The next image shows the surrogate function after 8 evaluations. Now the surrogate almost exactly matches the true function. Therefore, if the algorithm selects the hyperparameters that maximize the surrogate, they will likely yield very good results on the true evaluation function.

![](https://miro.medium.com/max/1400/1*bSLAe1LCj3mMKfaZsQWCrw.png)

Bayesian methods have always made sense to me because they operate in much the same way we do: we form an initial view of the world (called a prior) and then we update our model based on new experiences (the updated model is called a posterior). Bayesian hyperparameter optimization takes that framework and applies it to finding the best value of model settings!


### Sequential Model-Based Optimization

Sequential model-based optimization (SMBO) methods (SMBO) are a formalization of Bayesian optimization. The sequential refers to running trials one after another, each time trying better hyperparameters by applying Bayesian reasoning and updating a probability model (surrogate).


There are five aspects of model-based hyperparameter optimization:


1. A domain of hyperparameters over which to search (using hp.search_space)
2. An objective function which takes in hyperparameters and outputs a score that we want to minimize (or maximize) (we define this)
3. **The surrogate model of the objective function**
4. **A criteria, called a selection function, for evaluating which hyperparameters to choose next from the surrogate model** (steps 3 and 4 are what essentially goes under the hood)
5. A history consisting of (score, hyperparameter) pairs used by the algorithm to update the surrogate model (hp trials object)

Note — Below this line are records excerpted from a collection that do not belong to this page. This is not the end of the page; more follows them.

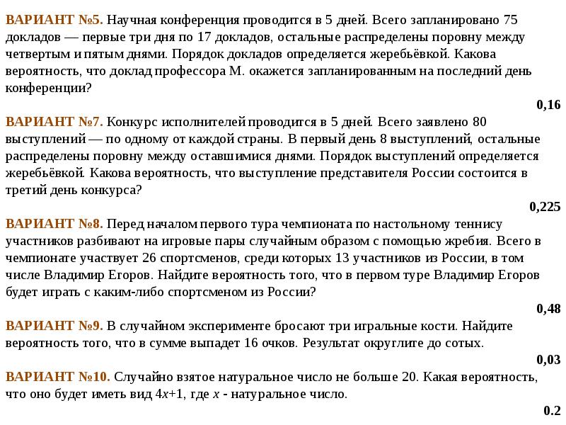 - 7. На экзамене по геометрии школьнику достается один вопрос из списка экзаменационных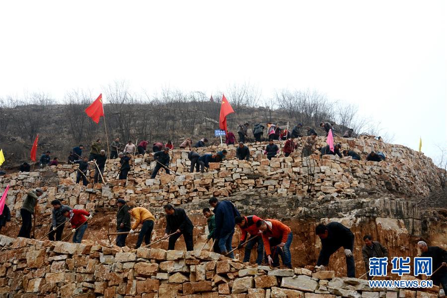 2016年3月4日,后池村村民在传运修路用的石头。新华社记者 范世辉 摄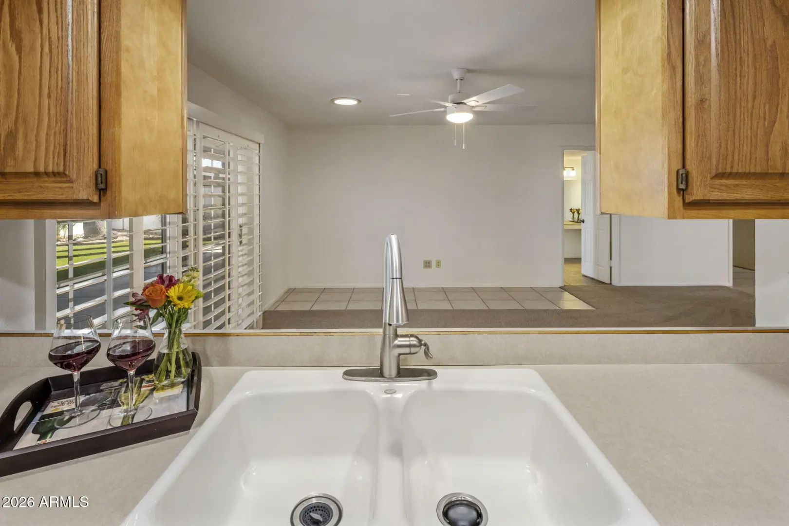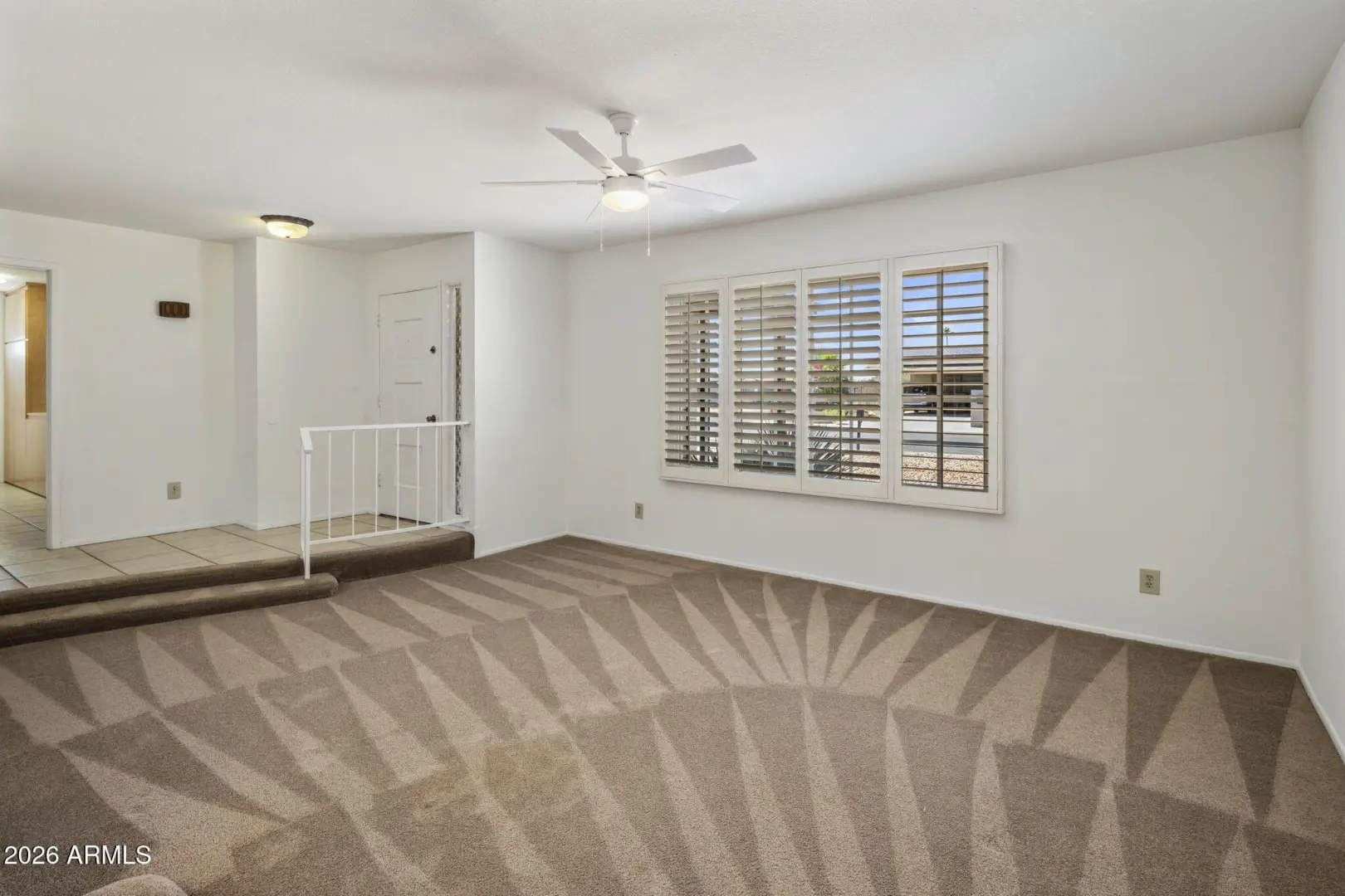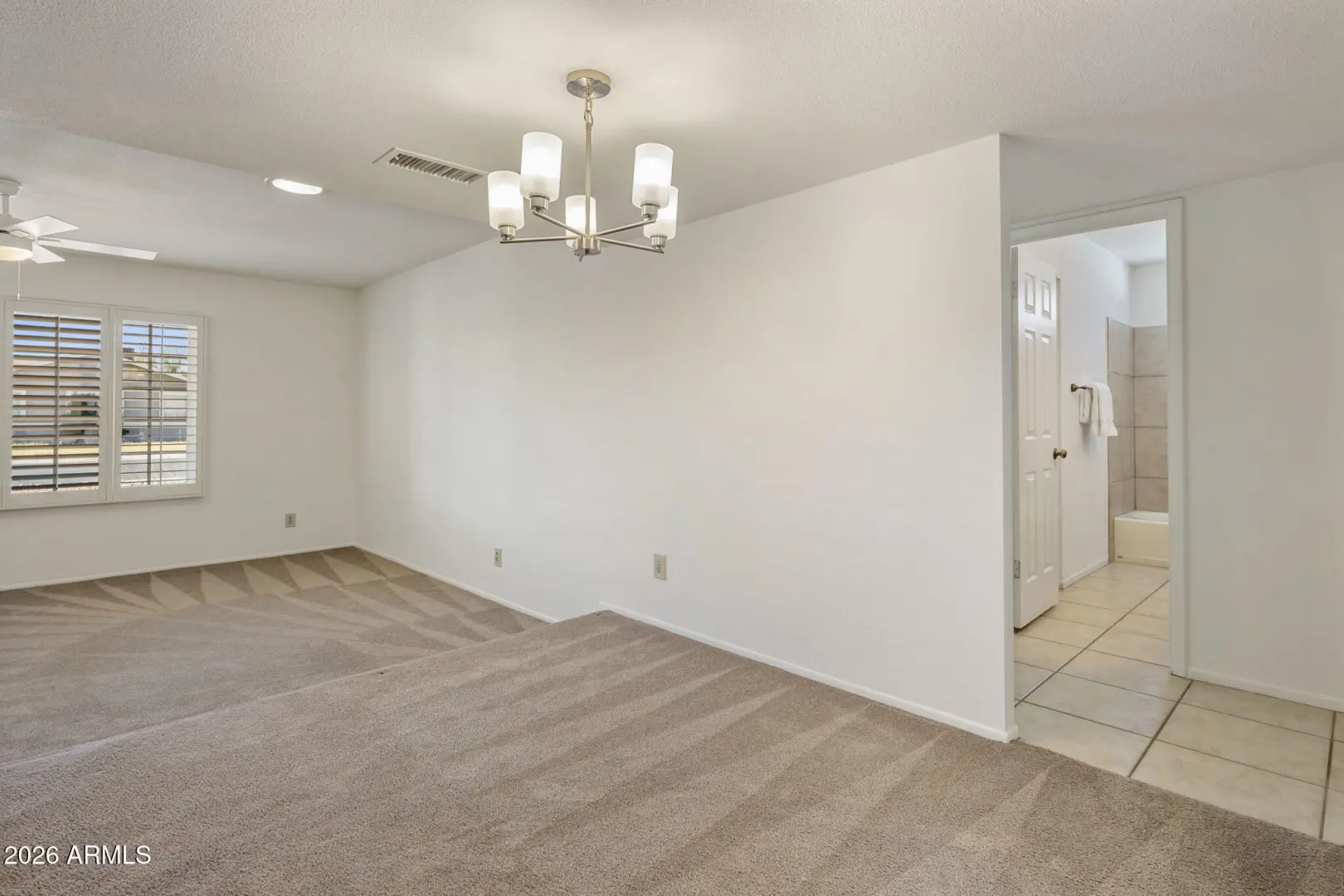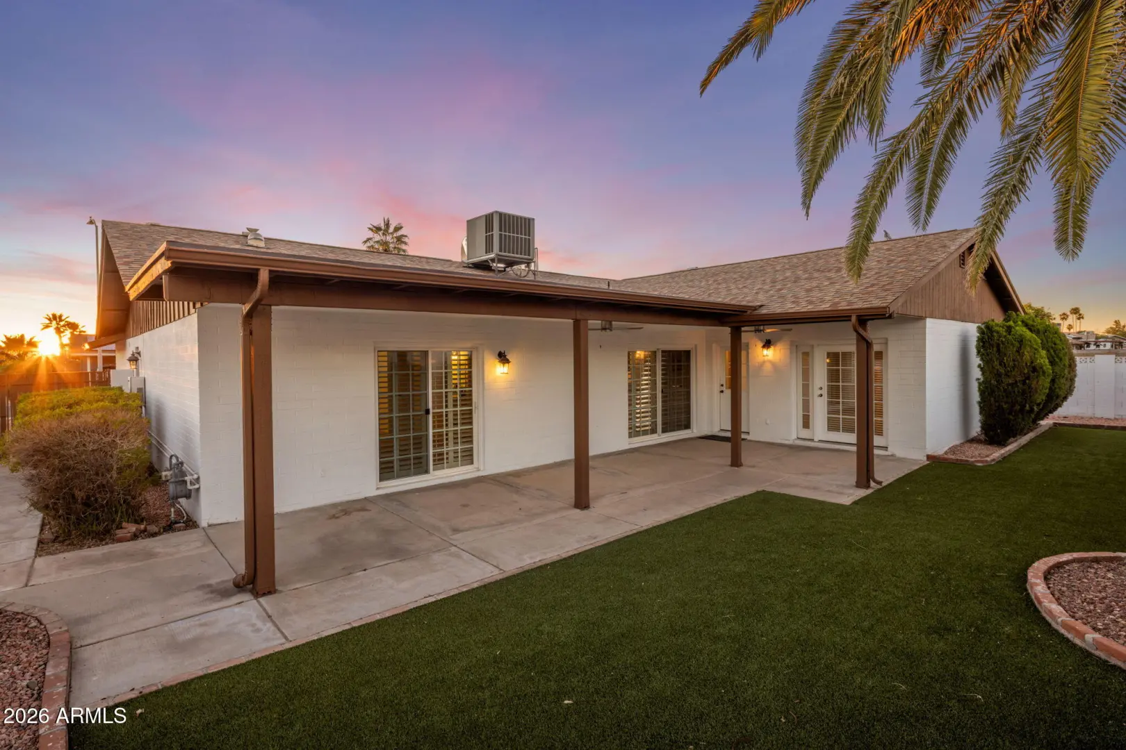 Beautifully refreshed single-story home on a corner lot offering 2,352 sq ft with a desirable split floor plan featuring two primary suites-each with attached bath & private backyard access. Fresh interior paint, plantation shutters throughout, and updated LED kitchen lighting enhance the light, open layout. Kitchen features new Whirlpool stainless steel appliances (2023). Primary suite includes a renovated shower (2024). Enjoy a low-maintenance backyard with turf, mature palm trees, & an oversized covered patio perfect for entertaining. Additional features include owned solar (18 panels), RV gate, 2-car garage, new thermostat, and large laundry room with plenty of storage. Conveniently located near Banner, ASU West, schools, Loop 101, shopping, dining, & entertainment & sporting venues.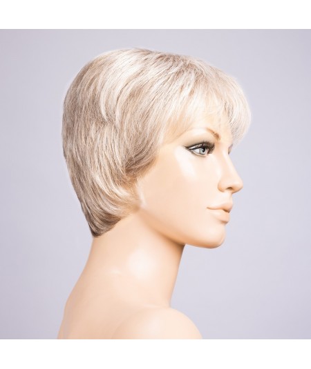Peluca standard de cabello sintético, con base de monofilamento y tul frontal alargado para conseguir una integración perfecta. Cabello 100% anudado a mano. Para contornos de 54 cm o menores.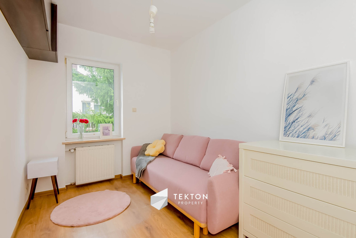 - Ogród – kameralny, w pełni zagospodarowany, z wydzieloną strefą relaksu, miejscem na grilla i placem zabaw dla dzieci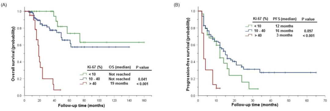 图4. 在整个研究队列中根据Ki-67指数分层的Kaplan-Meier曲线:(A)总生存期,(B)无进展生存期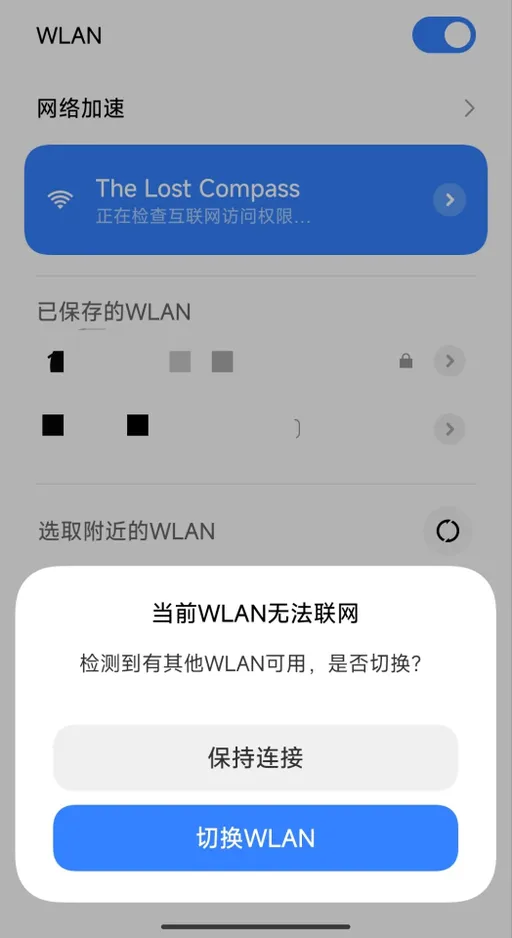 用手机连接名为“The Lost Compass”的Wifi,可能会提示无法联网,一定要选择保持连接

There are several variants of SMBO methods **that differ in steps 3–4**, namely, how they build a surrogate of the objective function and the criteria used to select the next hyperparameters. Several common choices for the surrogate model are **Gaussian Processes, Random Forest Regressions, and Tree Parzen Estimators (TPE)** while the most common choice for step 4 is **Expected Improvement**. In this post, we will focus on TPE and Expected Improvement.

#### Domain

In the case of random search and grid search, the domain of hyperparameters we search is a grid. An example for a random forest is shown below:

``` python

hyperparameter_grid = {
    'n_estimators': [100, 200, 300, 400, 500, 600],
    'max_depth': [2, 5, 10, 15, 20, 25, 30, 35, 40],
    'min_samples_leaf': [1, 2, 3, 4, 5, 6, 7, 8]
}
```

For a model-based approach, the domain consists of probability distributions. As with a grid, *this lets us encode domain knowledge into the search process by placing greater probability in regions where we think the true best hyperparameters lie*. If we wanted to express the above grid as a probability distribution, it may look something like this:

![](https://miro.medium.com/max/552/1*luY6Ahh7uttR4quIcgOCBw.png)

![](https://miro.medium.com/max/552/1*YfoPLKK8_WXIsRaQ7zcSjg.png)

![](https://miro.medium.com/max/552/1*e6cIETdFd1rzD9ivofNJqw.png)

> Here we have a uniform, log-normal, and normal distribution. These are informed by prior practice/knowledge (for example the learning rate domain is usually a log-normal distribution over several orders of magnitude).